Better Call Saul: Something Stupid - Review

Kritik der Episode 4x07

„Better Call Saul“ (c) AMC
„Better Call Saul“ (c) AMC

In Something Stupid wird deutlich, wie sehr sich Jimmy und Kim in Better Call Saul mittlerweile auseinandergelebt haben, auch wenn keiner von den beiden das Kind beim Namen nennen möchte. Sie finden jedoch erneut zueinander, was jedoch nicht die cleverste Idee ist und unschöne Konsequenzen haben könnte...

Ich bin immer wieder erstaunt, wie viel Inhalt Better Call Saul in vergleichsweise geringer Laufzeit unterbringen kann. Something Stupid, die siebte Episode der vierten Staffel, zählt gerade einmal 41 Minuten. 41 Minuten, in denen wie so oft in dem Breaking Bad-Spin-off sehr bewusst Dialoge platziert werden und immer wieder auf Worte verzichtet wird, um einfach zu zeigen, was gerade in den verschiedenen Charakteren vorgeht. 41 Minuten, die ratzfatz vorüber sind und den Zuschauern trotzdem so viel zum Nachdenken, zum Analysieren und zum Interpretieren geben. Der Blick auf meine ausführlichen Notizen zur Folge bestätigt dies.

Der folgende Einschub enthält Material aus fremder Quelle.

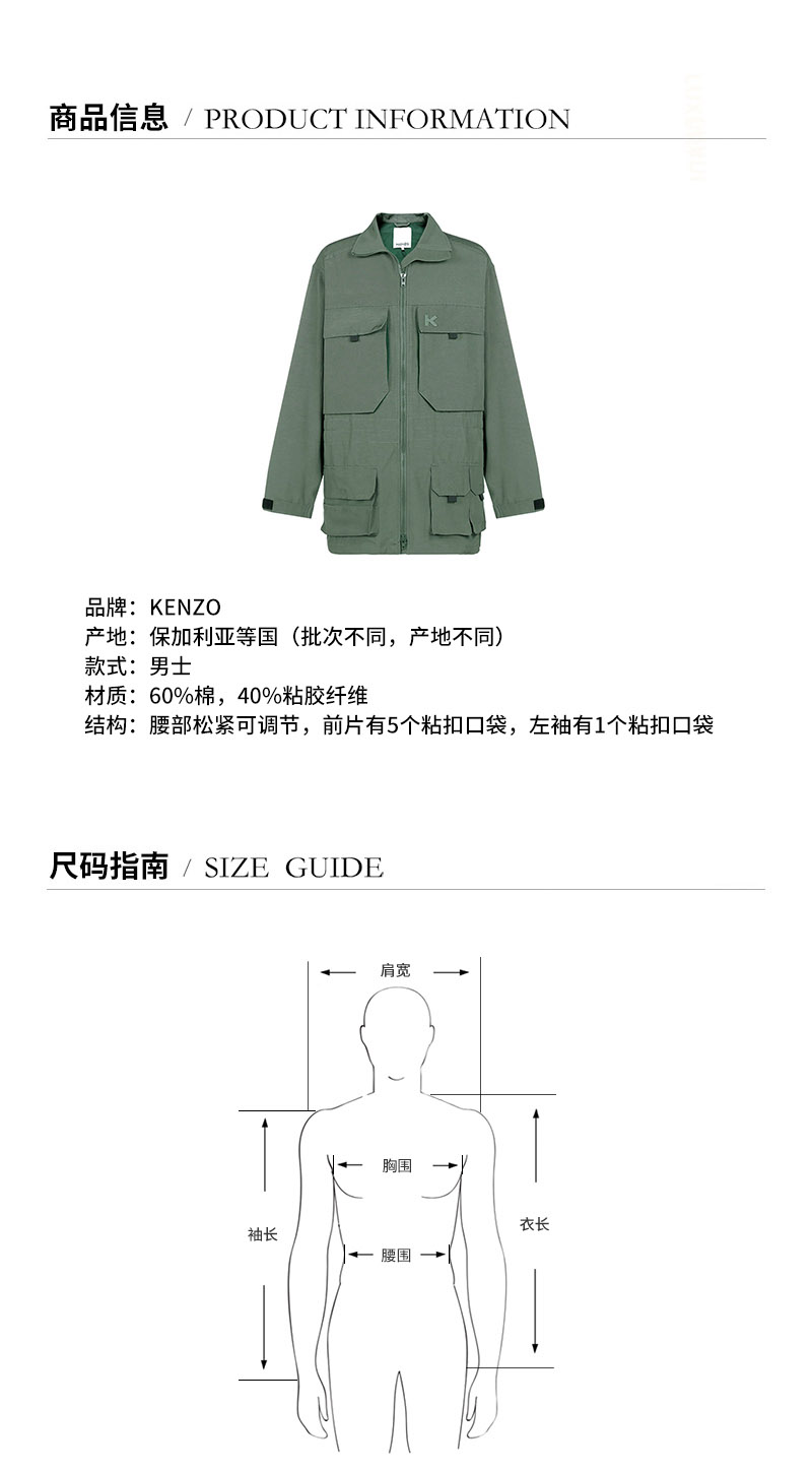 KENZO/高田贤三 男士大衣 男士棉/粘胶纤维超大版工装大衣外套 5OU305 1NA

Es macht großen Spaß, eine Episode von „Better Call Saul“ in einem Rutsch zu sehen, weil es sich so anfühlt, als würde man einer gut geölten Maschine beim Arbeitsprozess zuschauen, in der jedes Zahnrad ins andere greift und am Ende des Fließbands letztlich ein feingeschliffenes, makelloses Produkt auf der Palette landet. Nicht weniger spannend ist es, die einzelnen Arbeitsschritte genauer zu betrachten, die Details zu beobachten und die Präzision in der Umsetzung wertzuschätzen. Nichts anderes geschieht in „Something Stupid“, eine Folge, die den Plot elegant vorantreibt, sich aber über unscheinbare Nuancen und wundervolle Zwischentöne auch die Zeit für die kleineren Aspekte der Erzählung nimmt, die im weiteren Verlauf der Staffel noch ein gigantisches Ausmaß annehmen könnten.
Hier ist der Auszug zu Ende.